I know I haven’t articulated the problem yet, but you need more background.

And the background problem is that of space.

Most of the changes in the music room have been increasingly desperate measures to expand the volume of LPs and CDs this very finite space can hold. I’ve gone as close to the ceiling as a tall-ish person can reach and as tightly packed as a lover of elbow-room can tolerate. But somehow it’s not enough. It’s never enough.

A solution is in train. Some more efficient shelving units have been purchased and are awaiting assembly and the strengthening necessary to avoid any catastrophic outcomes. You think I’m jesting about the reinforcement? Just another example of vinyl neurosis? Ha! Check this out:

Expedit collapse

And what’s even worse is that the turntable is under there somewhere. Glad it’s not my pad.

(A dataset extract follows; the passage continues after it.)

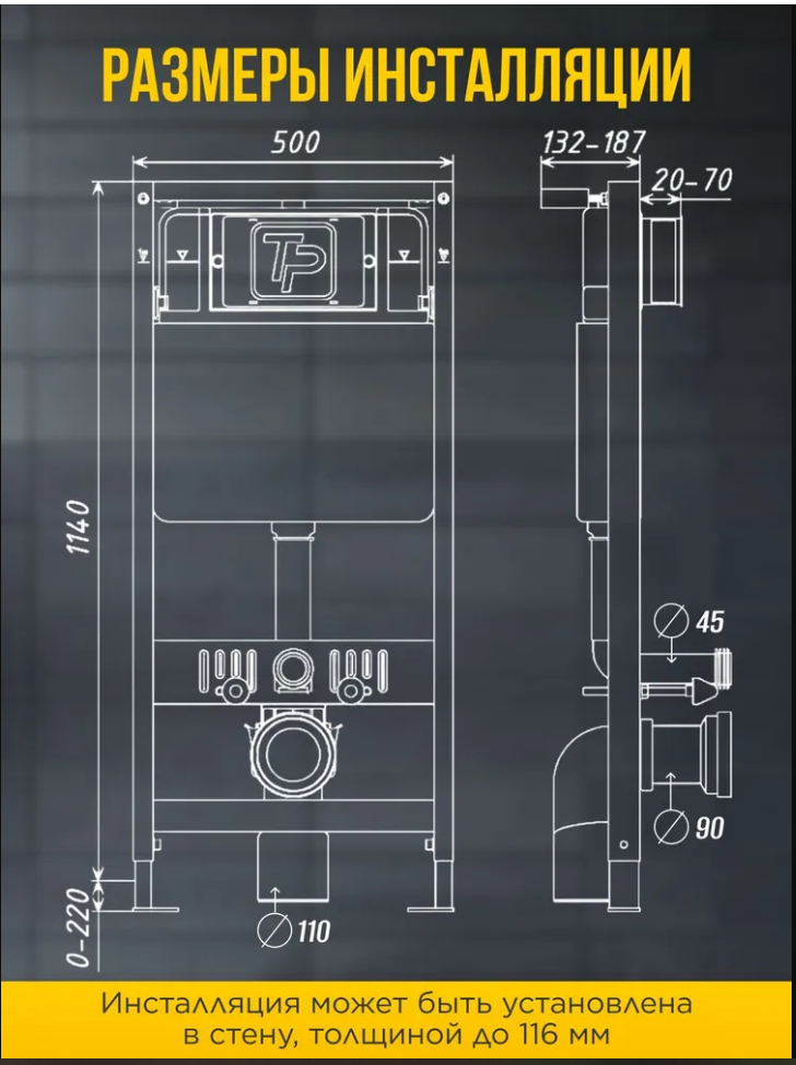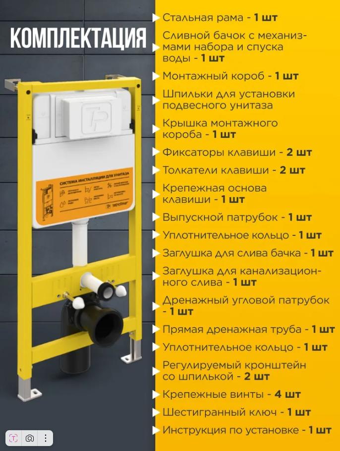 - Инсталляция для подвесного унитаза Татполимер – это скрытая система монтажа, обеспечивающая надежность и долговечность. Стальная рама с антикоррозийным покрытием выдерживает нагрузку до 400 кг, что гарантирует безопасность эксплуатации.
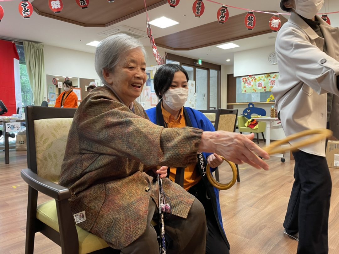 輪投げ、パチンコのゲームでご入居者の皆さんも童心にかえられ景品ゲット!

Stopped trembling yet? Then let’s continue.

Back at Chez Vinyl Connection, you have to wiggle a new album into its allotted alphabetical spot on already crowed shelves. This involves pulling increasingly pained ‘don’t damage the record’ type faces as you do. It’s a problem.

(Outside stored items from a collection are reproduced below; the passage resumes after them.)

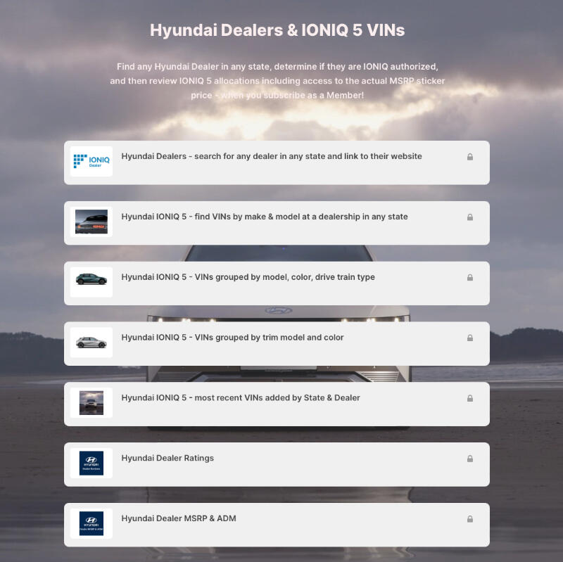 These are the popular EV Makes and Models currently being tracked. Each EV Locator site is available on a subscription basis to members only. You will be able to search and compare specific makes and models across all dealerships. Allocation of VIN numbers and accompanying MSRP window stickers are updated regularly.
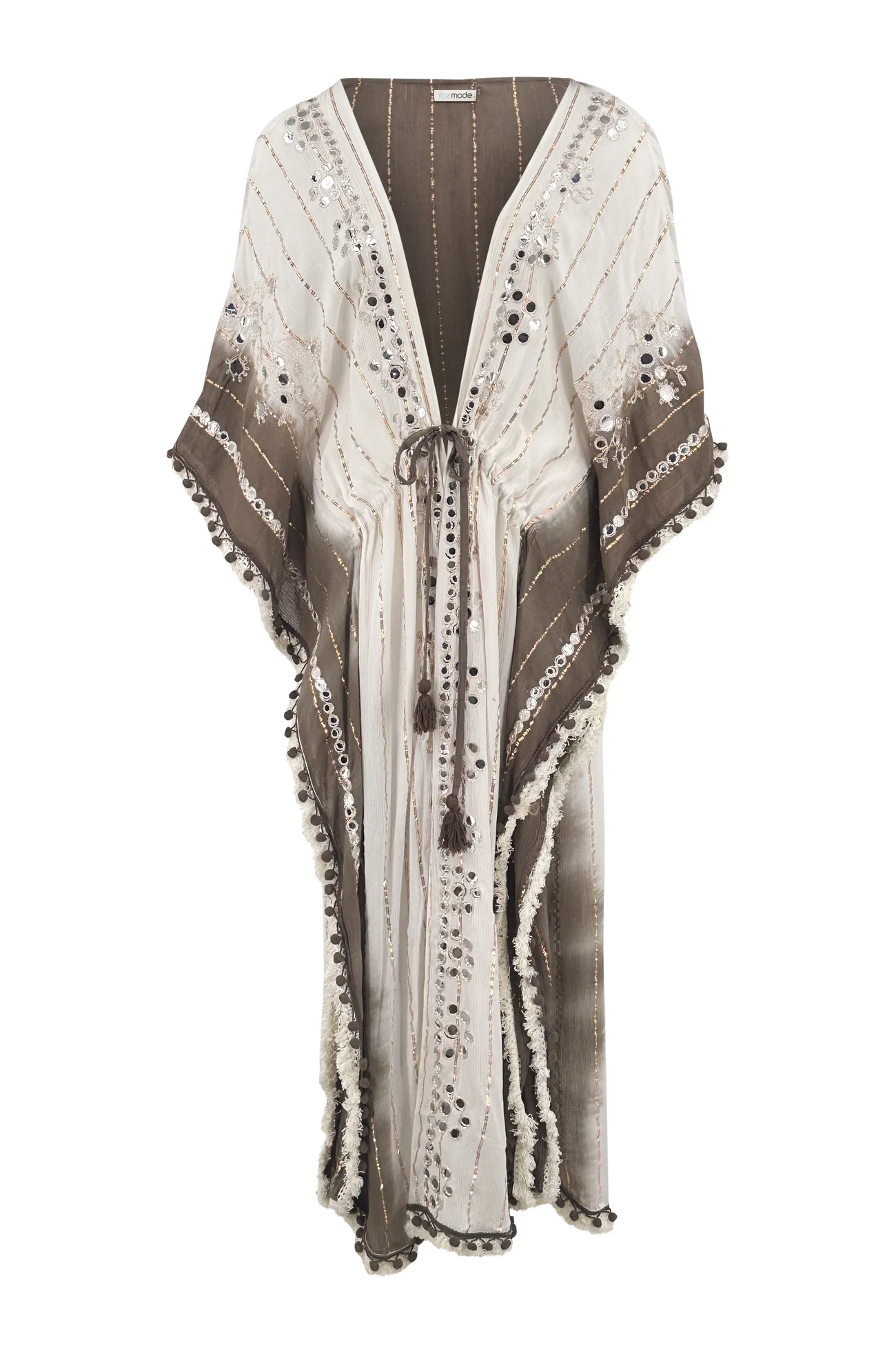 Met de Long Kimono Aine Lurex Beige/Brown van ibzmode ben je klaar voor elke summer getaway. Kimono is sierlijk bezet met sierspiegeltjes, embroidery, franjes en goudkleurige lurex garen, straa Draag het met je favoriete accessoires voor een echte brands of Ibiza-look. Bestel snel en geniet van de bohemian lifestyle, elke dag opnieuw.
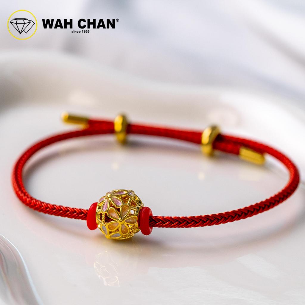 A delicate bloom of gold on a passionate red cord — a timeless reminder of love worn close to the heart. Completed with polished gold-tone end caps and adjustable sliding beads, this bracelet offers a perfect fit and a luxurious finish.
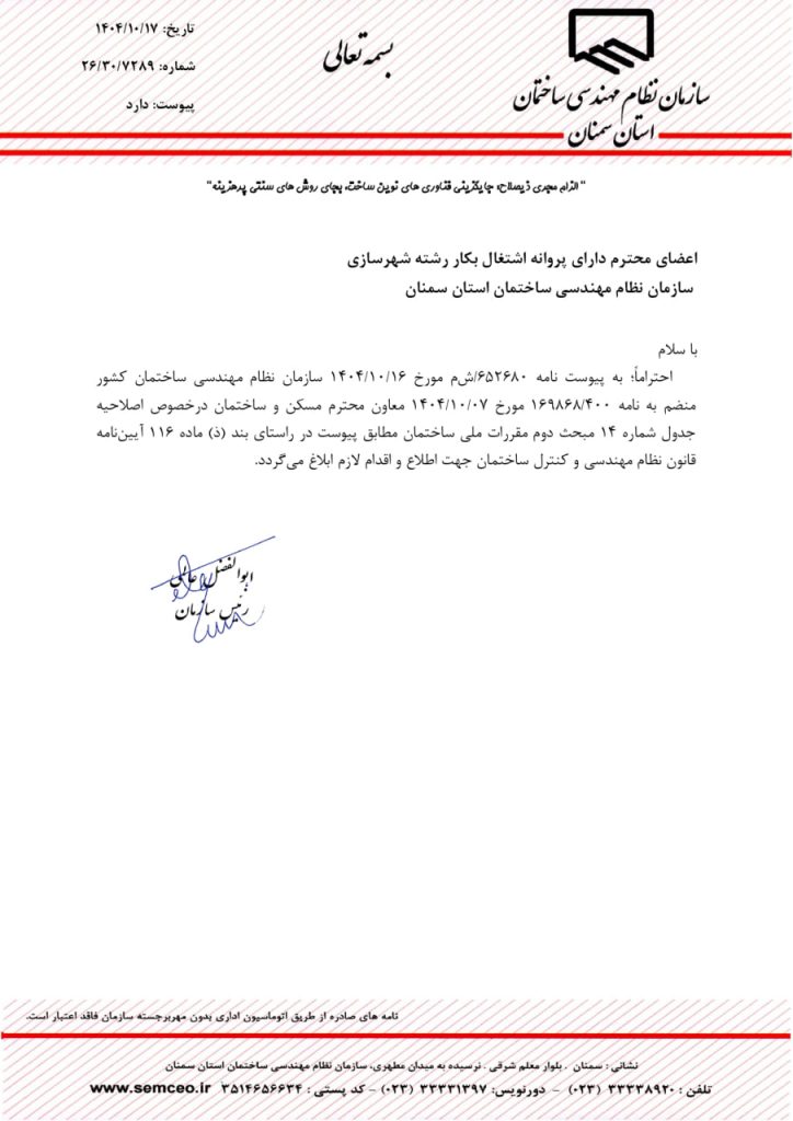 Home»نوشته‌ها»ابلاغیه ها, اخبار»* به پیوست ابلاغ جدول شماره 14 مبحث دوم مقررات ملی ساختمان
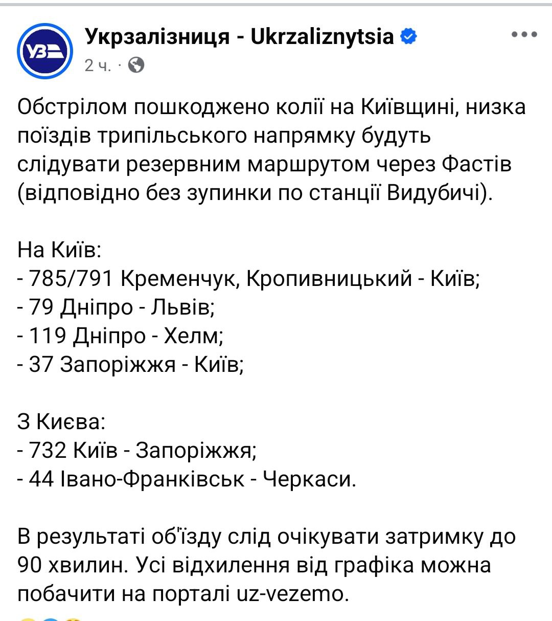 Також пошкоджено шляхи на перегоні в районі станції Видубичі, що викликало зміни у маршрутах низки поїздів Трипільського спрямування.

So one way to decide about the Graham Nash would be to simply keep the thinner of the albums.

One quick trip to the garage to grab the micrometer later…

There is approximately one millimetre difference between the gatefold version and the US edition. Not even this delusional record collector can convince himself that this is a significant space saving.

There must be other criteria.


An obvious one is the condition of the record. Which one sounds better? But this, dear Vinyl Agony Aunt, involves listening to the album not once, but twice. When you have a very significant number of un-listened-to albums, time is of the essence. Or at least at a premium. In sum, I don’t really want to spend precious listening time with an album I might never again listen to before the entire collection becomes a problem for my next-of-kin.

So I’m stuck.


Unless I can somehow find another criterion that justifies the space and time…



Although Wild Tales has a diversity of styles and songs just like its outstanding predecessor Songs for Beginners, for this listener it just doesn’t gel. The main reason for this is the prevalence of pedal steel guitar. It’s not an instrument I really appreciate; just too country I guess. So I struggled with Side One of Wild Tales because three of the five songs feature pedal steel.

Having said that, the side opens strongly with the title track. David Lindley on slide guitar is great and the song rocks. We slide straight into ‘Hey You (Looking at the Moon)’ where Nash’s harmonica wheezes an everyday solo. It lopes along OK enough for a country-ish song. ‘Prison Song’ goes for some worthy social relevance and is fine; it doesn’t soar like ‘Chicago’ from Beginners though.

‘You’ll Never be the Same’ is pure country.

David Crosby makes a welcome appearance on the side’s last song ‘And So It Goes’ which, if Stephen Stills had added electric guitar instead of the pedal steel might well have been a CSN classic. Oh well.


I wonder if my overall disappointment with the album would have been less if the sides were reversed. Because I like Side Two. Opening with the chin-jutting anti-war ‘Grave Concern’, it jumps to Dylanesque anti-war folk with ‘Oh! Camil (The Winter Soldier)’.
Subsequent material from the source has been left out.